[Code of Federal Regulations]

[Title 42, Volume 2]

[Revised as of October 1, 2005]

From the U.S. Government Printing Office via GPO Access

[CITE: 42CFR418.74]



[Page 920]

 

                         TITLE 42--PUBLIC HEALTH

 

                    CHAPTER IV--CENTERS FOR MEDICARE

                          & MEDICAID SERVICES,

                        DEPARTMENT OF HEALTH AND

                             HUMAN SERVICES

 

PART 418_HOSPICE CARE--Table of Contents

 

      Subpart C_Conditions of Participation_General Provisions and 

                             Administration

 

Sec. 418.74  Condition of participation--Central clinical records.

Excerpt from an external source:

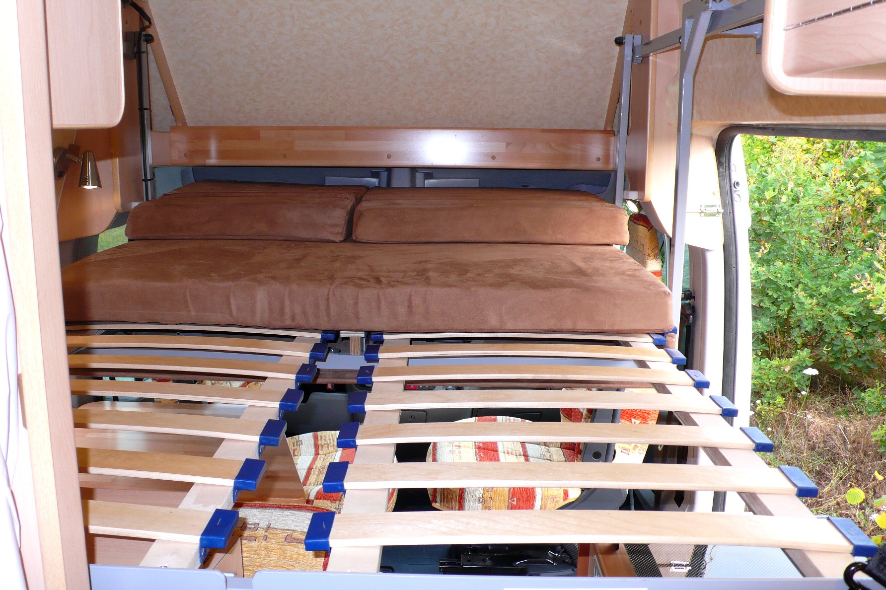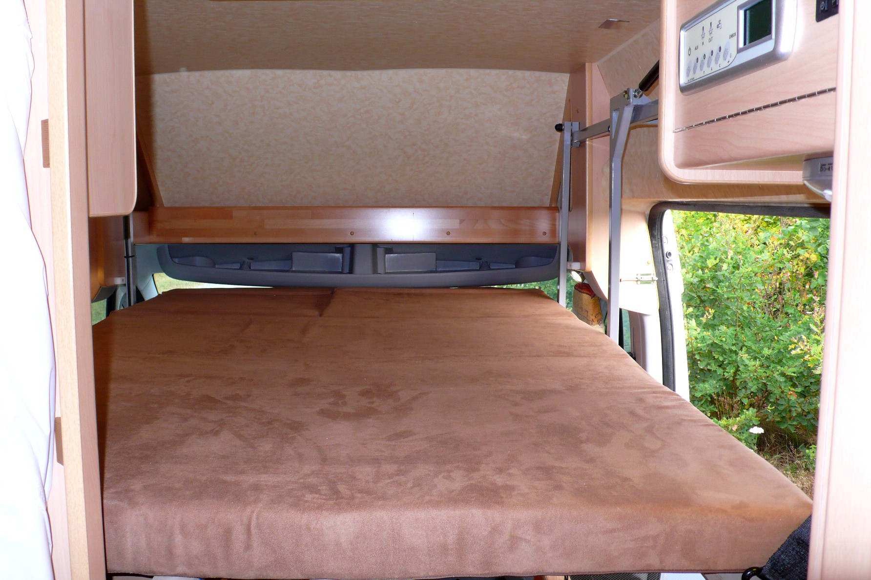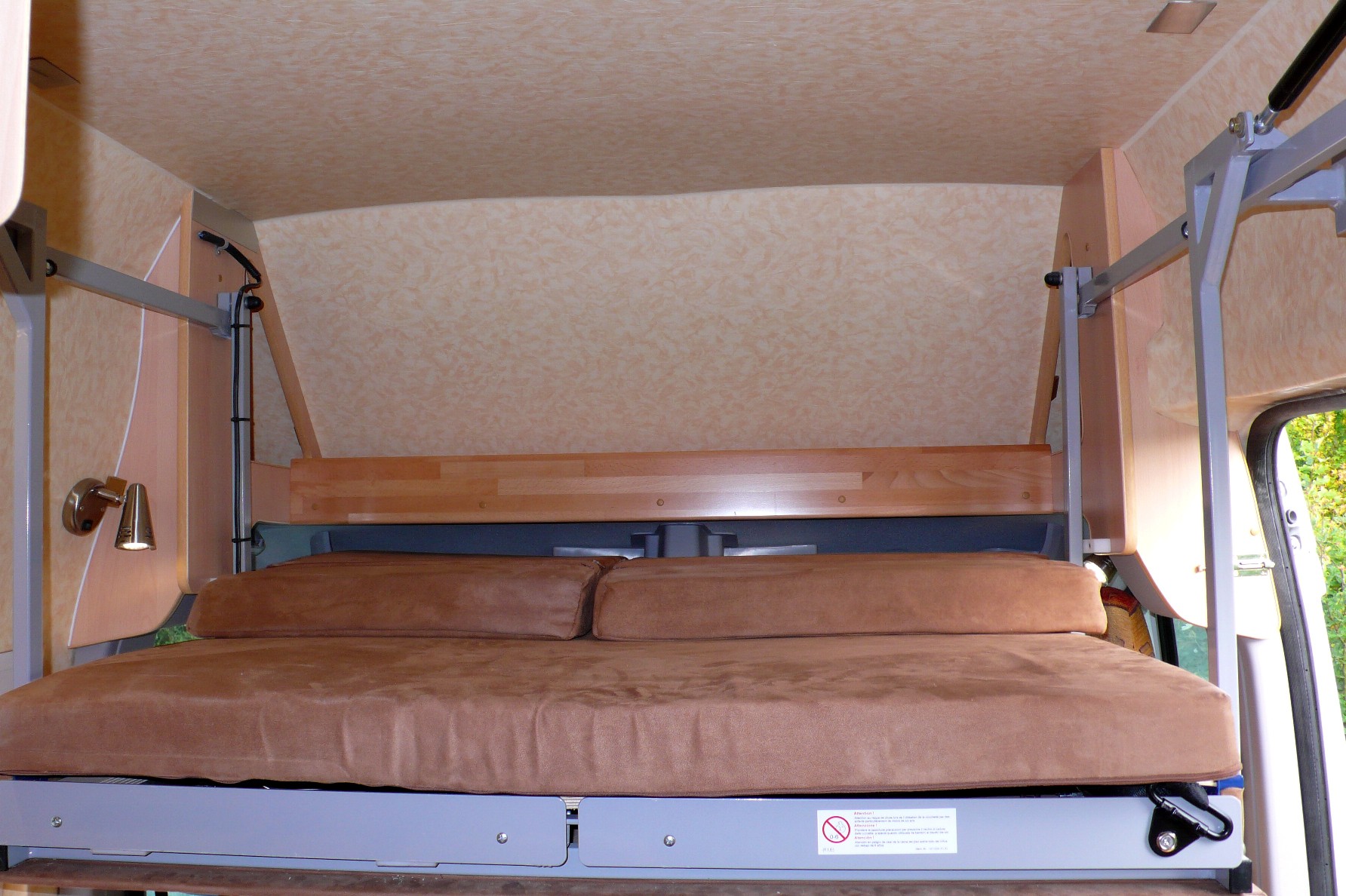 Position haute Position basse replié, Déplié Lit fait A priori, on est contents de l’aménagement, et les retours qu’on a disent que c’est du solide (Et oui! Les motifs de tissus d'un Iveco a vendre nous ont semblés familiers, Merci Guy pour le retour d'info

    In accordance with accepted principles of practice, the hospice must 

establish and maintain a clinical record for every individual receiving 

care and services. The record must be complete, promptly and accurately 

documented, readily accessible and systematically organized to 

facilitate retrieval.

    (a) Standard: Content. Each clinical record is a comprehensive 

compilation of information. Entries are made for all services provided. 

Entries are made and signed by the person providing the services. The 

record includes all services whether furnished directly or under 

arrangements made by the hospice. Each individual's record contains--

    (1) The initial and subsequent assessments;

    (2) The plan of care;

    (3) Identification data;

    (4) Consent and authorization and election forms;

    (5) Pertinent medical history; and

    (6) Complete documentation of all services and events (including 

evaluations, treatments, progress notes, etc.).

    (b) Standard; Protection of information. The hospice must safeguard 

the clinical record against loss, destruction and unauthorized use.